To back up Pgbackrest, you need to create a checkpoint and archive the latest WAL file. At this stage we encountered the problem mentioned at the beginning of the article. Our infrastructure uses several Zabbix with a PostgreSQL database. Each Zabbix instance operates on multiple hosts, each of which logs an average of more than 1000 metrics. The following error occurred when creating a copy using Pgbackrest:

P00 ERROR: [082]: WAL segment 000000110000064900000018.ready was not archived before the 60000ms timeout

To find the reasons, we turned to the logs and checked the archiving status of WAL files. WAL segments are stored in the $PGDATA/pg_wal directory:

ls -la $PGDATA /pg_wal -rw-------  1 postgres postgres 16777216 Mar 20 21:25 000000110000064900000049
-rw-------  1 postgres postgres 16777216 Mar 20 21:26 00000011000006490000004A
-rw-------  1 postgres postgres      725 Mar 16 12:01 00000011.history
drwx------  2 postgres postgres    16384 Mar 21 02:01 archive_status

We then navigated to the archive_status directory, which stores the archiving status of all WAL segments:

ls -la $PGDATA /pg_wal/archive_status/
-rw------- 1 postgres postgres     0 Mar 21 01:48 000000110000064900000005.done

…………

-rw------- 1 postgres postgres     0 Mar 21 02:02 000000110000064900000018.ready
-rw------- 1 postgres postgres     0 Mar 21 02:03 000000110000064900000019.ready
-rw------- 1 postgres postgres     0 Mar 21 02:04 00000011000006490000001A.ready
-rw------- 1 postgres postgres     0 Mar 21 02:05 00000011000006490000001B.ready

After the dot named WAL, the status is indicated. Ready means that WAL is in the queue for archiving. If successful, the status should be done. The list contained only one segment with this status, at the beginning of the list.

Bug fix

To configure control point parameters, we used the view pg_stat_bgwriter:

#Контрольная точка
SELECT * FROM pg_stat_bgwriter \gx
-[ RECORD 1 ]---------+------------------------------

checkpoints_timed

1814 — scheduled checkpoints (upon reaching checkpoint_timeout).

checkpoints_req

0 — checkpoints on demand (including upon reaching max_wal_size).

checkpoint_write_time

532074

checkpoint_sync_time

86654

buffers_checkpoint

4840 – Information about the number of pages written by the checkpoint process.

buffers_clean

0 – information about the number of pages written by the background recording process.

maxwritten_clean

0 — information about the number of stops bgwriter due to exceeding the maximum number of pages. When you see high values, you should increase bgwriter_lru_maxpages.

buffers_backend

40 – information about the number of pages written by service processes (<<buffers_checkpoint And buffers_clean).

buffers_backend_fsync

0 – Indicates whether backends are forced to make their own fsync requests to synchronize buffers with storage. Any values ​​above zero indicate storage problems when the fsync queue is completely full. Newer versions of PostgreSQL have resolved these issues, and I haven't seen non-null values ​​in a long time.

buffers_alloc

1907

stats_reset

2023-11-06 22:19:41.408446+03

In view pg_stat_bgwriter there are columns checkpoints_timed And checkpoints_req, which indicate the number of checkpoints that have occurred since the last statistics reset. There is a general rule: meaning checkpoints_timed should be much higher than checkpoints_req. It is desirable that the latter be close to zero. The reason for this is the following. The main job of checkpoints is to synchronize dirty pages in shared buffers with data files on disk. High values checkpoints_req indicate that PostgreSQL is in a constant stressful situation when writing data to disk. This results in poor PostgreSQL performance.

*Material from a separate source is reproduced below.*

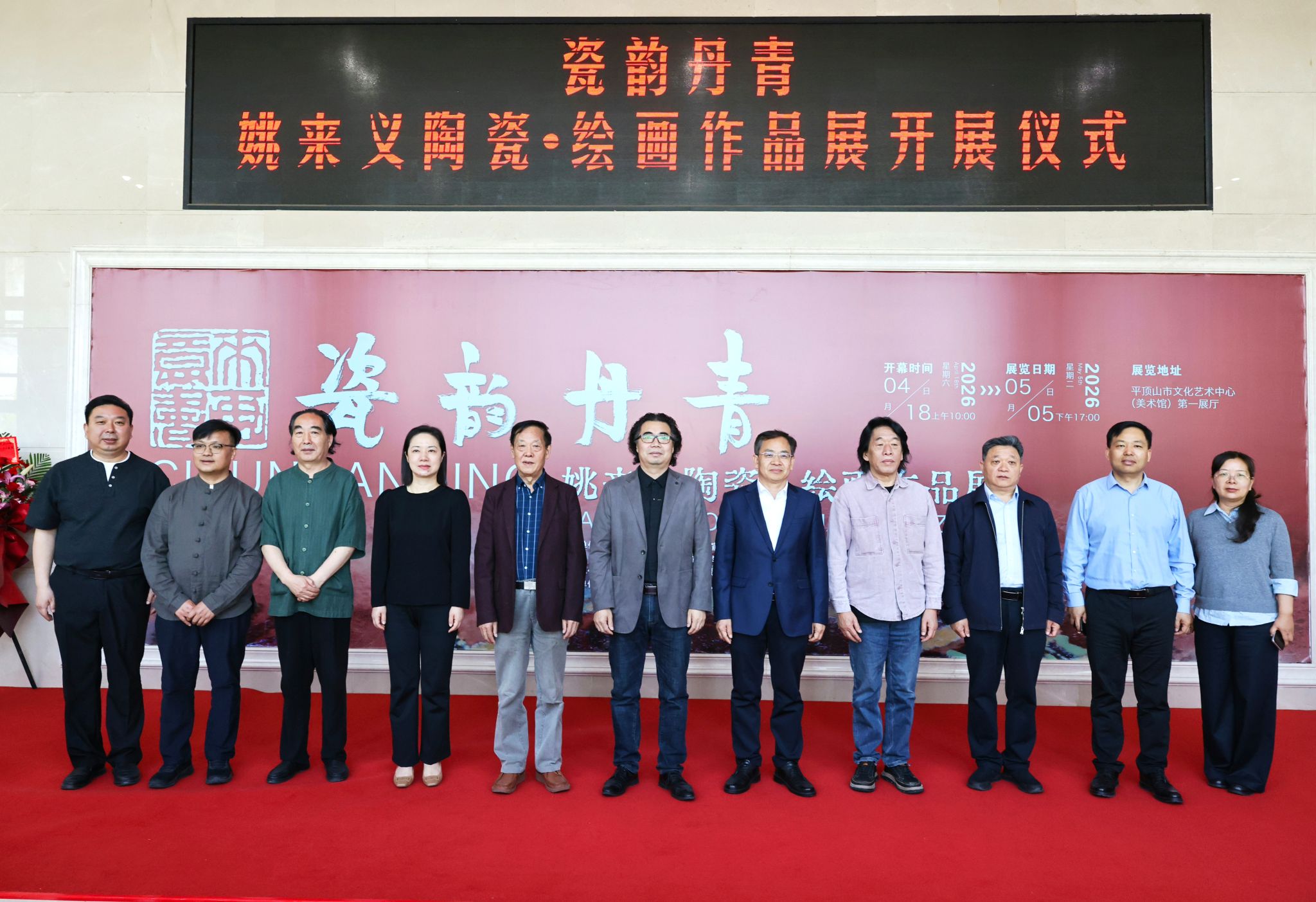 4月18日上午,“瓷韵丹青——姚来义陶瓷·绘画作品展”在平顶山市文化艺术中心(美术馆)正式开展。此次展览由平顶山学院、中共平顶山市委宣传部、河南省美术家协会、河南省陶瓷艺术协会联合主办,平顶山学院陶瓷学院、平顶山市文化艺术中心承办,平顶山市陶瓷发展促进中心、平顶山市美术家协会协办。

High share checkpoints_req_pct indicates frequent checkpoint triggering due to a full buffer (reached max_wal_size). Which, in turn, indicates either a checkpoint timeout that is too short or a heavy write to the database. To avoid buffer overflows, it is usually recommended to change the checkpoint settings or max_wal_size.

To view the current archiving status, we used the view pg_stat_archiver:

SELECT * FROM pg_stat_archiver \gx
-[ RECORD 1 ]------+---------------------------------

archived_count

45107 is the total number.

last_archived_wal

000000080000042D000000FE is the name of the last WAL file that was successfully archived.

last_archived_time

2023-12-14 21:52:47.647179+03 is the time of the last successful archiving.

failed_count

1 — number of failed archiving attempts.

last_failed_wal

000000070000037D000000ED.partial is the name of the last WAL file that could not be archived.

last_failed_time

2023-11-13 09:36:40.38233+03 – time of the last unsuccessful archiving.

stats_reset

2023-10-27 01:45:17.13674+03 — statistics reset time.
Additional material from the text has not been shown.